Wahrscheinlich wurde auch die Erstbrut des zweiten Paars zerstört. Am 24. Mai konnte ein noch brü-
tendes Weibchen und ein Weibchen mit vier kleinen Küken beobachtet werden. Etwas später wurden
beide Weibchen mit Küken beobachtet. Die beiden Familien wurden am 13. Juni letztmals beobachtet.
Die Küken wurden demnach rund drei Wochen alt. Ob einige davon flügge wurden, ist nicht klar.

Ostergauer Weiher
An den Ostergauer Weihern waren ab März immer wieder mehrere Kiebitze zu beobachten. Anfangs
balzten mehrere Vögel auch. Allerdings etablierten sich nur zwei Paare dauerhaft. Am 9. April wurde
das Gelege des ersten Paars gefunden und mit einem Nestschutzkorb überdeckt. Wenige Augenblicke
nach der Installation bebrütete das Weibchen mit der Farbringkombination «gelb – alu – blau – gelb»
sein Gelege wieder. Dieses Weibchen war 2013 in der Wauwiler Ebene als Küken beringt worden und
brütete von 2014–2020 mit Ausnahme von 2017 alljährlich in der Wauwiler Ebene. Leider wurde das
Gelege nach ca. drei Wochen trotz Schutzkorb prädiert.
Ein zweites, unberingtes Weibchen brütete etwas später. Sein Gelege wurde am 18. April gefunden und
ebenfalls mit einem Nestschutzkorb geschützt. Die Küken schlüpften ca. am 14. Mai und drei davon
wurden mit Sicherheit flügge. Die Familie hielt sich bis Ende Juni am Brutplatz auf.
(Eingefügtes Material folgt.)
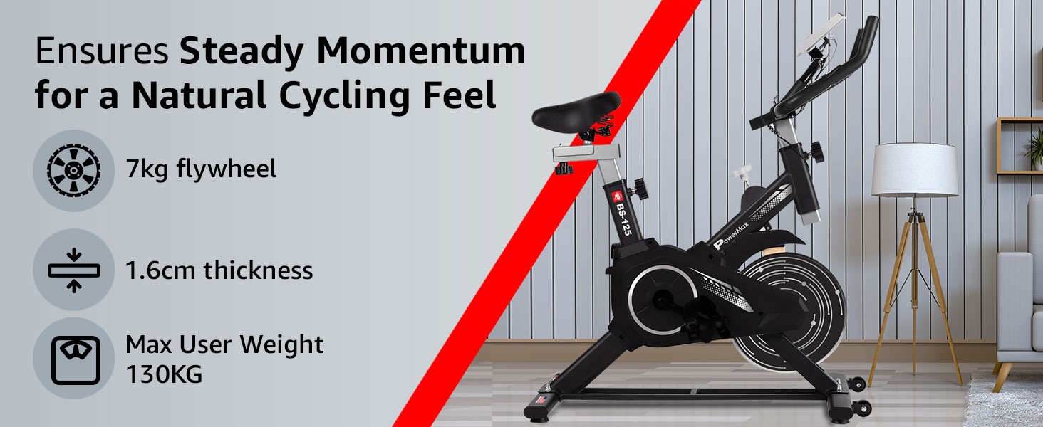 Built for durability and stability, the BS-125 Spin Bike supports a maximum user weight of 130KG. The heavy-duty steel frame ensures long-lasting performance, making it an ideal choice for home workouts.
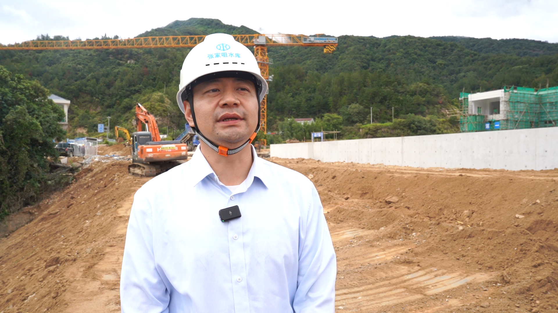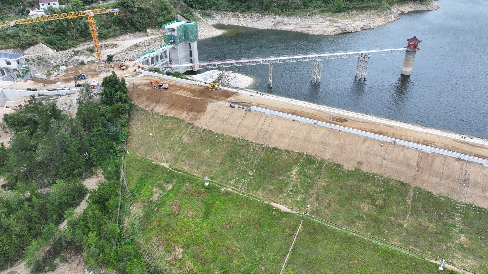 张家咀水库除险加固项目建设办公室技术负责人刘锦华:大坝坝体防渗墙和坝基的帷幕灌浆已全部施工完毕,主坝和副坝段的防浪墙已施工完成,新建溢洪道、进水塔及输水放空隧洞结构部分均已完成,目前正在施工的是坝顶路基回填压实和电缆沟施工等附属工程。

Abb. 11. An den Ostergauer Weihern brüteten 2021 zwei Paare. Drei Jungvögel wurden mit Sicherheit flügge. Die
Aufnahme zeigt sie am 9. Juni 2021 im Alter von ca. 26 Tagen. Sie hielten sich noch bis Ende Juni im Gebiet auf
(Foto: P. Kunz).

Gettnau LU
Mitte Mai legte ein unberingtes Paar ein Gelege in einem Schilffeld bei Gettnau LU an. Die Brut war mit
Sicherheit nicht erfolgreich. Entweder wurde das Gelege geplündert, überschwemmt oder aufgrund des
rasch aufwachsenden Schilfs verlassen.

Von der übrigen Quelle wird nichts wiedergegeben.